● What you will do: Which lines of the entries below run from the one holding "仲(6画)嶋(14画) 龍(16画)之(3画)介(4画)" to the one holding "5 WD40-repeats found", inclusive? Set down exactly those lines and no others.

● Source data:
[Start of Attachment]

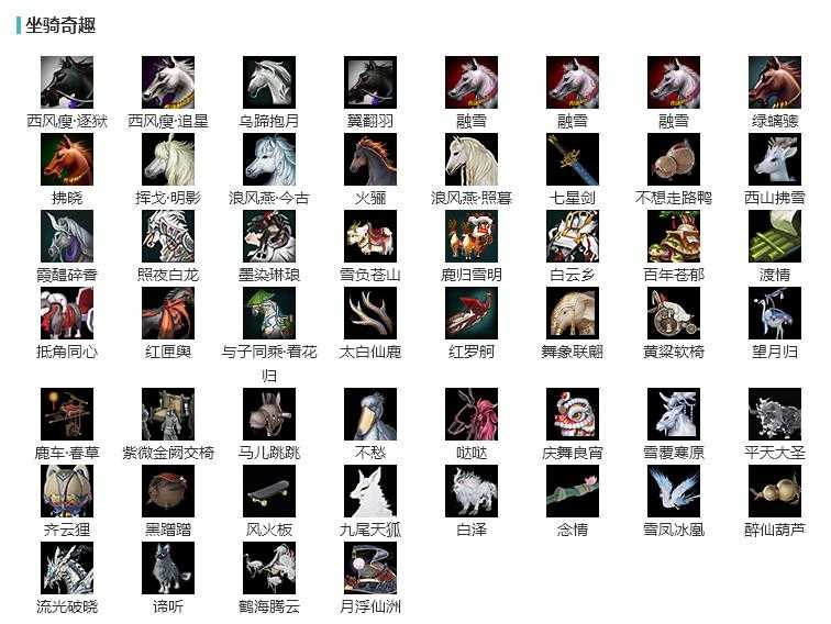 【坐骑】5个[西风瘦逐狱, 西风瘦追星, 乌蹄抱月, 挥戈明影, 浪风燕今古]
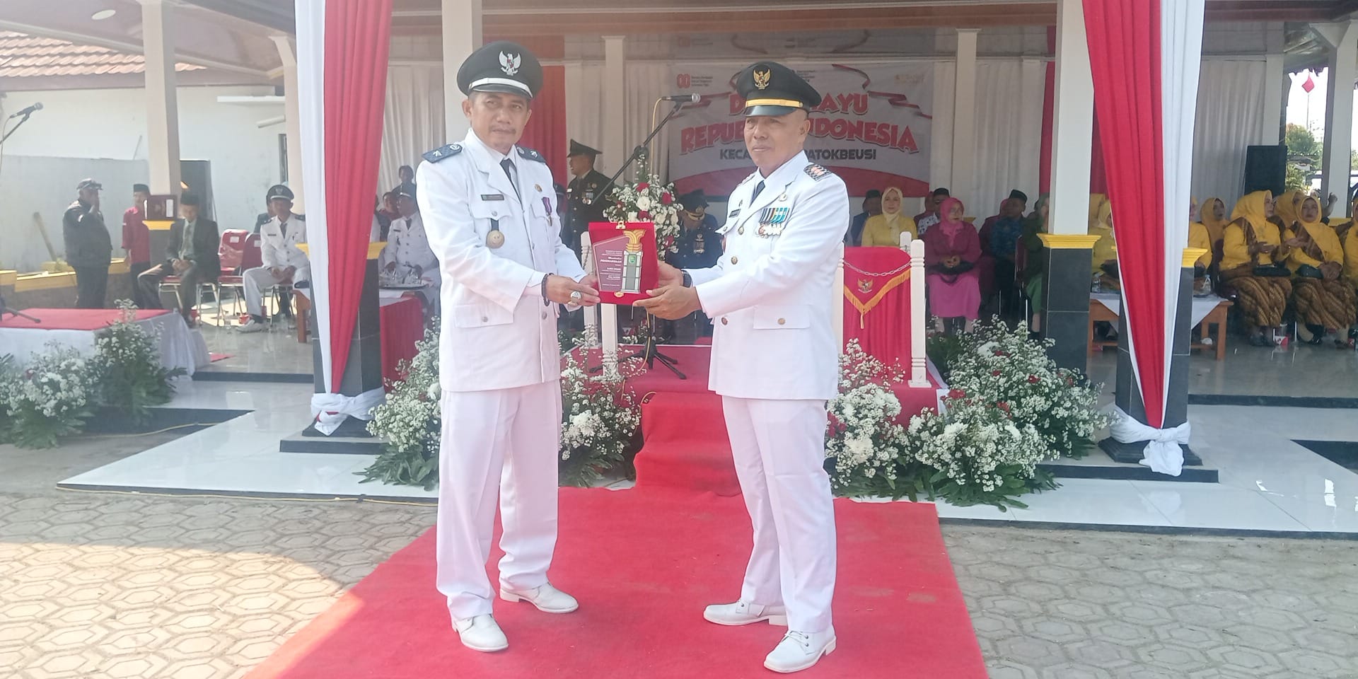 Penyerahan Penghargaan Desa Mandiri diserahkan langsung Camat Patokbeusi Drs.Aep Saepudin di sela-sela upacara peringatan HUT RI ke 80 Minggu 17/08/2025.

[End of Attachment]
[Start of Attachment]

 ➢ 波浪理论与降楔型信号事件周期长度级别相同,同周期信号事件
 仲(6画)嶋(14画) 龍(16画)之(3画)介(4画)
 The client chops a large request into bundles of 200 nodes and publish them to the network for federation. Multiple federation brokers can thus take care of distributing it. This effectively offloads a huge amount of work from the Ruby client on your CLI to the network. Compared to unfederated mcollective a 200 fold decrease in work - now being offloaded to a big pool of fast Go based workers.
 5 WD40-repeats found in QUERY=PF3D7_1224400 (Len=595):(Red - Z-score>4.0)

[End of Attachment]
[Start of Attachment]

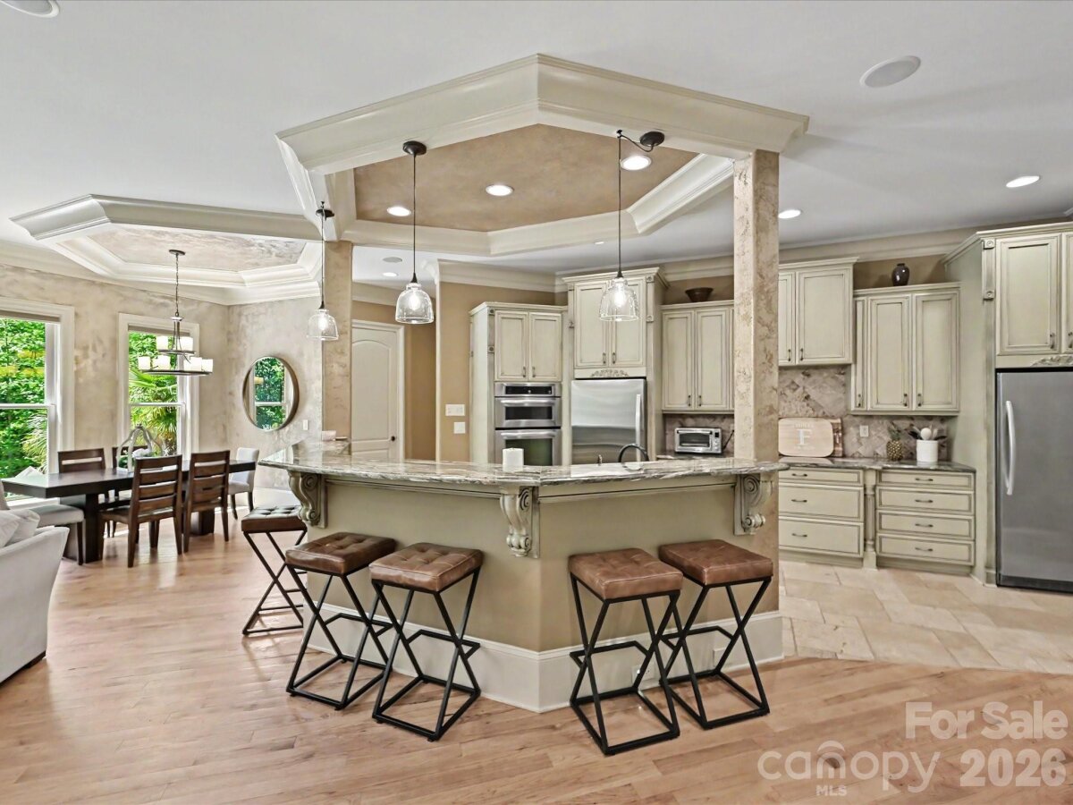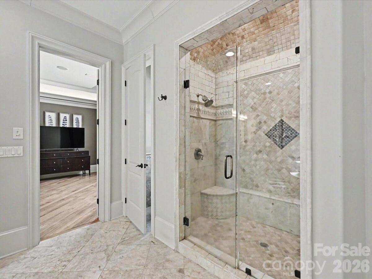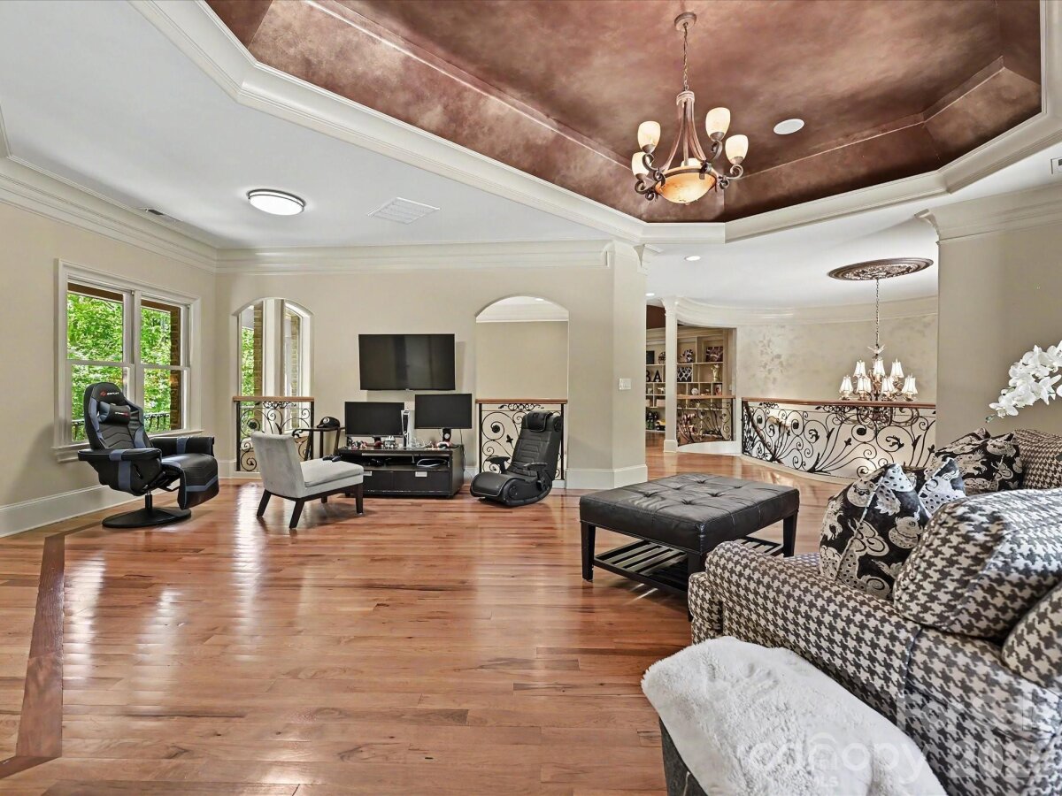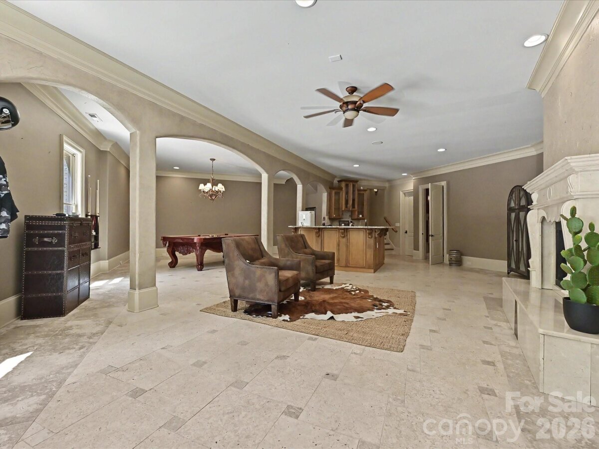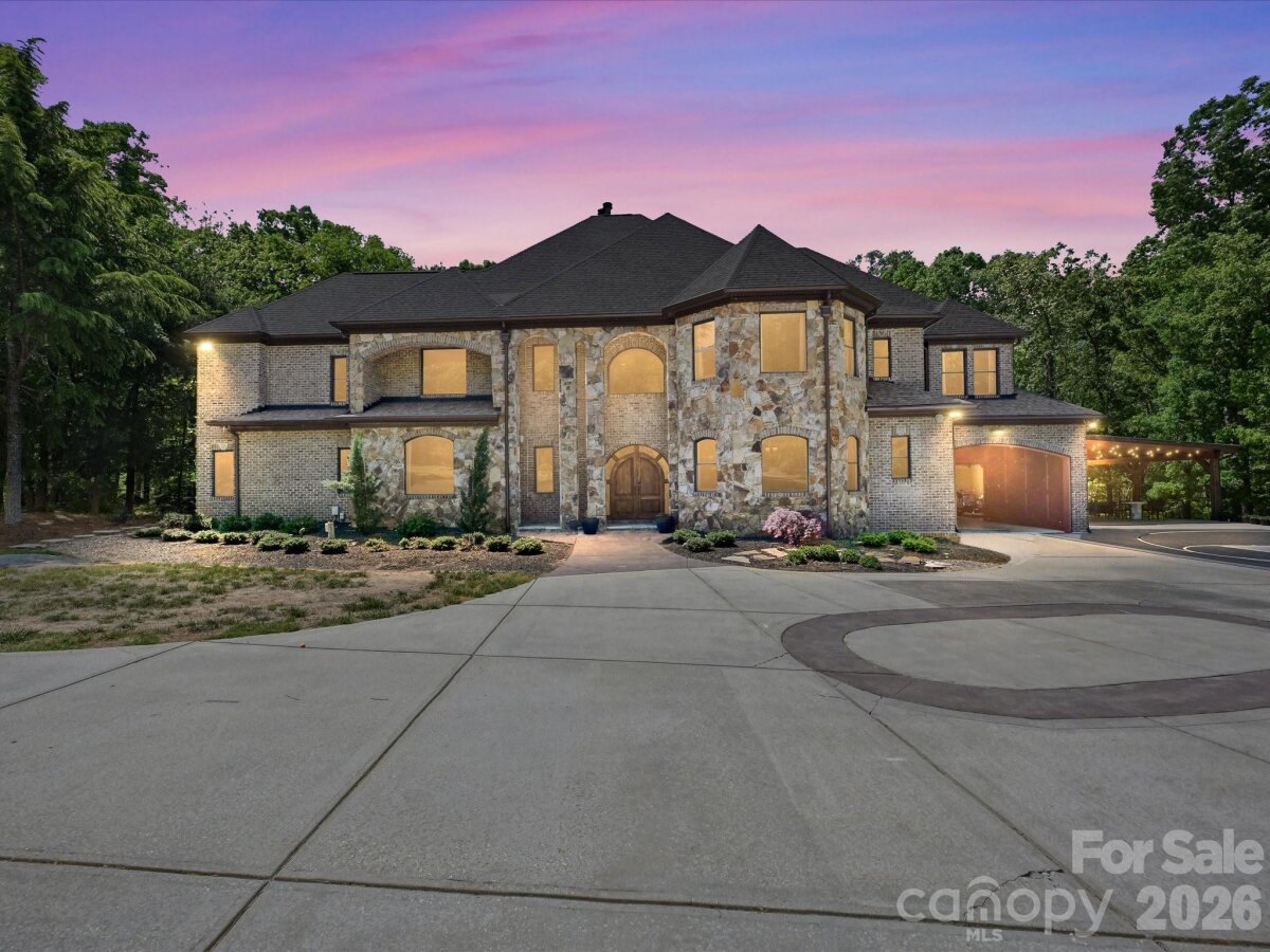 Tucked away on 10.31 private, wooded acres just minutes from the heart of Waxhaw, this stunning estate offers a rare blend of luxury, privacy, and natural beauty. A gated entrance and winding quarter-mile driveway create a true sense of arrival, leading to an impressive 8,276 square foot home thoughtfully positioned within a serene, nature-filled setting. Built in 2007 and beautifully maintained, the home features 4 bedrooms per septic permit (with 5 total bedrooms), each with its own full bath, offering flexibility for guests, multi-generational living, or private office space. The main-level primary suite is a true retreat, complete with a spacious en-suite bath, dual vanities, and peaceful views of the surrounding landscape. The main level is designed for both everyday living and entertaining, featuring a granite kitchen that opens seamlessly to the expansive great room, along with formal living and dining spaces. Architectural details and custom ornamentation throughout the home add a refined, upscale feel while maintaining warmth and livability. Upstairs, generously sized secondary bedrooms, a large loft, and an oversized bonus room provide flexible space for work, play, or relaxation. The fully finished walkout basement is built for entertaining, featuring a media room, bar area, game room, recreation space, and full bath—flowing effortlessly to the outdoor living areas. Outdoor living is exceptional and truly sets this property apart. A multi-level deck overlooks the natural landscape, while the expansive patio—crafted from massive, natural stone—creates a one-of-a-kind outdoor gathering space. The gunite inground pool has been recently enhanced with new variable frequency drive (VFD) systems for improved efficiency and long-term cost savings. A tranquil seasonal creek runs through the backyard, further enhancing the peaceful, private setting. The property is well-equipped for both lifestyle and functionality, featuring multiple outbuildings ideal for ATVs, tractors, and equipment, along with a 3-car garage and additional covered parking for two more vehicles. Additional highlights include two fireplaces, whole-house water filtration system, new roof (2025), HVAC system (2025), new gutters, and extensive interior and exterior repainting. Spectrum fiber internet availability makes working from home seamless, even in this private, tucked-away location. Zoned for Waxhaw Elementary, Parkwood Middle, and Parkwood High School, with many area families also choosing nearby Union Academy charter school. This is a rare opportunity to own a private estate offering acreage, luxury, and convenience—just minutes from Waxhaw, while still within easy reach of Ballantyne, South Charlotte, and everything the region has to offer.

[End of Attachment]

● Written solution:
 仲(6画)嶋(14画) 龍(16画)之(3画)介(4画)
 The client chops a large request into bundles of 200 nodes and publish them to the network for federation. Multiple federation brokers can thus take care of distributing it. This effectively offloads a huge amount of work from the Ruby client on your CLI to the network. Compared to unfederated mcollective a 200 fold decrease in work - now being offloaded to a big pool of fast Go based workers.
 5 WD40-repeats found in QUERY=PF3D7_1224400 (Len=595):(Red - Z-score>4.0)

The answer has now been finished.